Elliptic-curve Diffie–Hellman (ECDH) is the standard key-exchange primitive built from the group law on an elliptic curve. The protocol is simple to state and relies on two related hardness assumptions:

Elliptic Curve Discrete Logarithm Problem (ECDLP): given $P$ and $Q=kP$ for unknown integer $k$, recover $k$.
Computational Diffie–Hellman (CDH) on the curve: given $P$, $A=k_aP$, and $B=k_bP$, compute $k_a k_b P$.

ECDH protocol (informal):

The peers agree on a curve and a base point $P\in E(\mathbb{F}_p)$ (with known order r).
Alice picks a private scalar $k_a\in{1,\dots,r-1}$ and sends the public point $A=k_aP$ to Bob.
Bob picks $k_b$ and sends $B=k_bP$ to Alice.
Alice computes $S_A=k_a B = k_a(k_bP)=k_a k_b P$.
Bob computes $S_B=k_b A = k_b(k_aP)=k_b k_a P$. Both obtain the same shared point $S=k_a k_b P$.

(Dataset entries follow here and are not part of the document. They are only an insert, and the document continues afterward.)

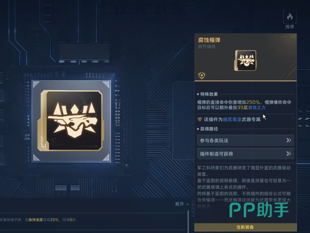 榴弹弹药不可无限续充,耗尽后自动回归机枪模式。值得注意的是,其弹药恢复机制依赖精准命中——只要在机枪模式下持续命中目标,即可逐步积累榴弹储备。此外,武器支持模块化配件拓展,例如“腐蚀榴弹强化插件”,可在保留原有爆炸范围与减速效果的基础上,进一步提升单发榴弹的基础伤害,并延长腐蚀状态持续时间。其他可装配配件亦可根据副本类型、Boss机制或队伍配置灵活调整。
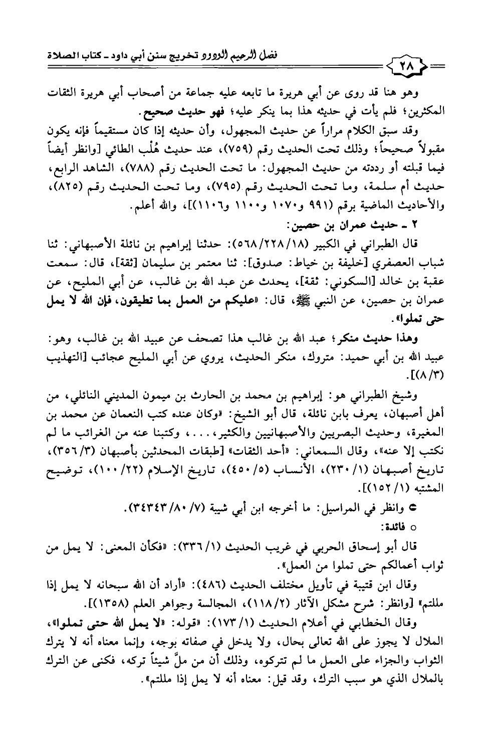 قال الطبراني في الكبير (١٨/ ٢٢٨/ ٥٦٨]: حدثنا إبراهيم بن نائلة الأصبهاني: ثنا شباب العصفري [خليفة بن خياط: صدوق]: ثنا معتمر بن سليمان [ثقة]، قال: سمعت عقبة بن خالد [السكوني: ثقة]، يحدث عن عبد الله بن غالب، عن أبي المليح، عن عمران بن حصين، عن النبي - صلى الله عليه وسلم -، قال: "عليكم من العمل بما تطيقون، فإن الله لا يمل حتى تملوا".
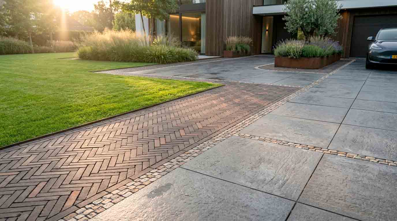 Viena iš naujų krypčių yra didelio formato plokščių naudojimas automobilių įvažiavimuose. Dar neseniai vyravo nuomonė, kad didelės plokštės neatlaiko svorio, tačiau naudojant modernią armavimo technologiją ir itin storą (100–120 mm) betoną, sukuriamas vientisumo pojūtis, būdingas moderniai minimalistinei architektūrai. Tokios dangos derinamos su smulkiomis akmens mozaikomis kraštuose, sukuriant prabangų ir išbaigtą vaizdą.
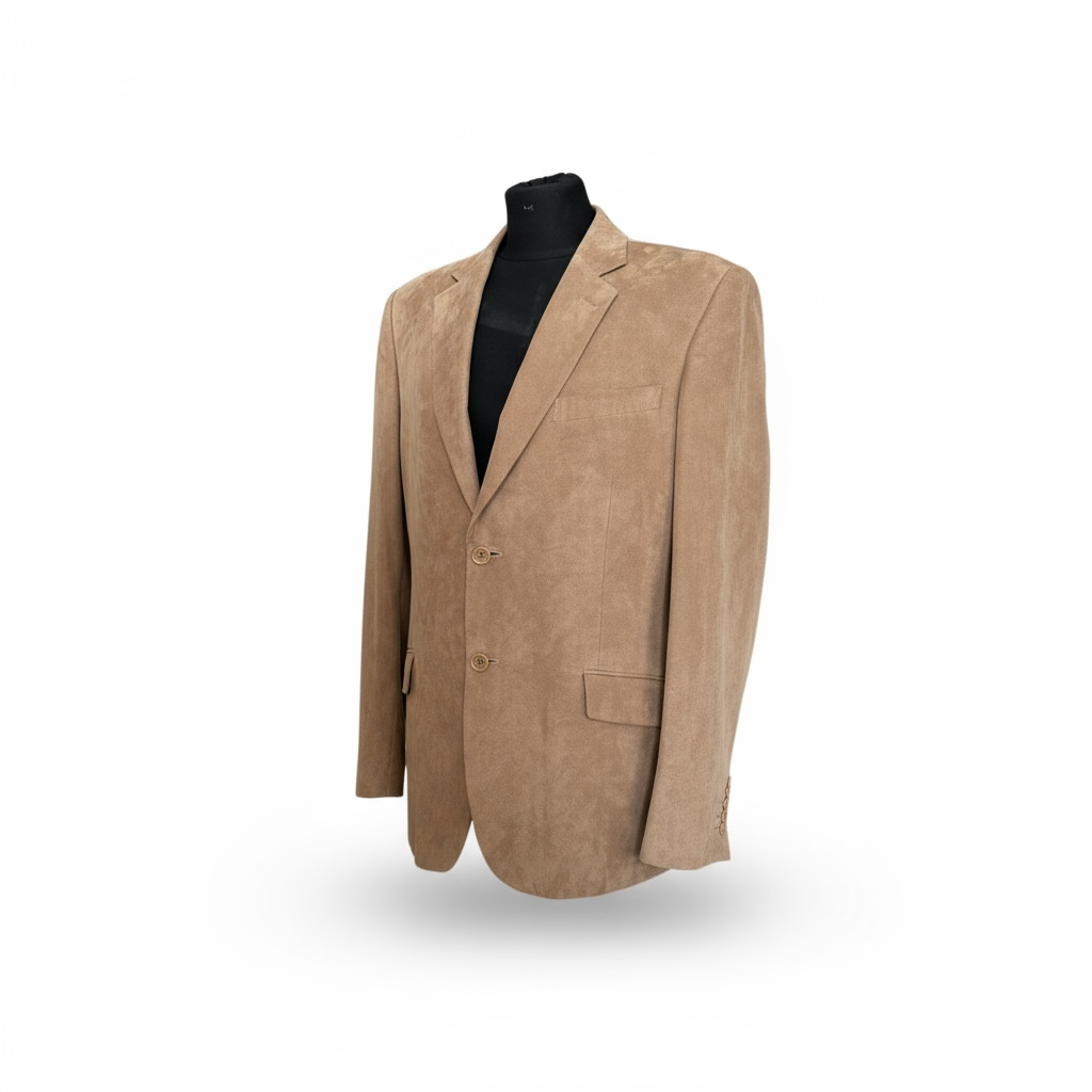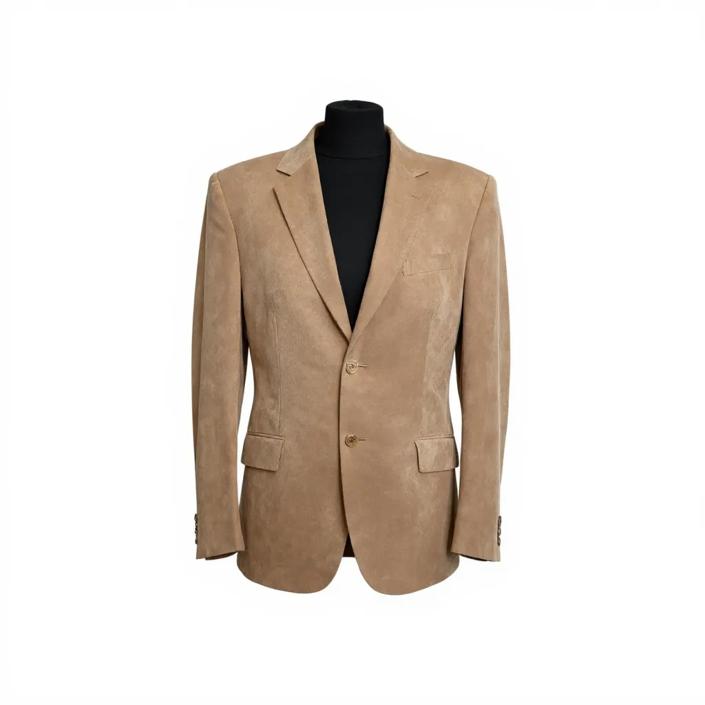 Blazer avac sa matière toute douce camel clair, fusion parfaite entre élégance et décontraction. Sa coupe structurée et son toucher velours apportent chaleur et distinction, incarnant l’assurance d’un homme raffiné dans les rues de Paris.
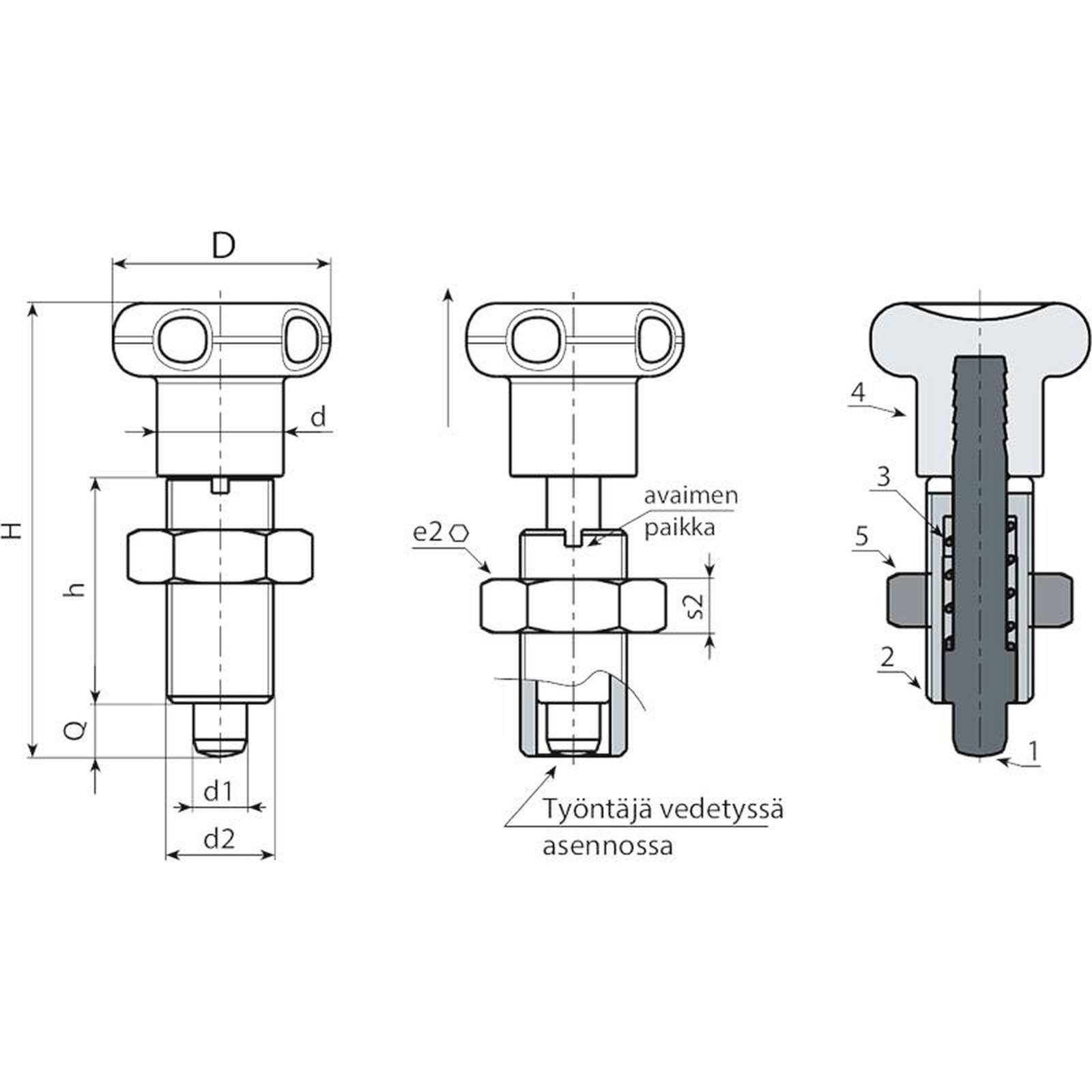 > Lukitustapin vartta varten tehtävään asennusreikään suositellaan toleranssia H7.

Please play the toy example and watch the key exchange animation on curves.xargs.org

Why an eavesdropper cannot recover the shared key (informal):

If an attacker sees only $A=k_aP$ and $B=k_bP$, then computing $k_a$ or $k_b$ from $A$ or $B$ alone requires solving the ECDLP; computing $k_a k_b P$ directly from $A$ and $B$ without either scalar requires solving the CDH problem. Both problems are believed to be computationally infeasible for well-chosen curves and sufficiently large parameters (e.g., 256-bit prime fields such as Curve25519). Thus knowledge of $A$ and $B$ does not reveal $k_a$ or $k_b$, nor the derived symmetric key, under standard assumptions.

The toy curve Curve61 used $\mathbb{F_{61}}$. In practice, cryptographic curves use much larger prime fields (e.g., Curve25519 uses a 255-bit prime, i.e., $\mathbb{F}_{2^{255}-19}$) to ensure security against known attacks.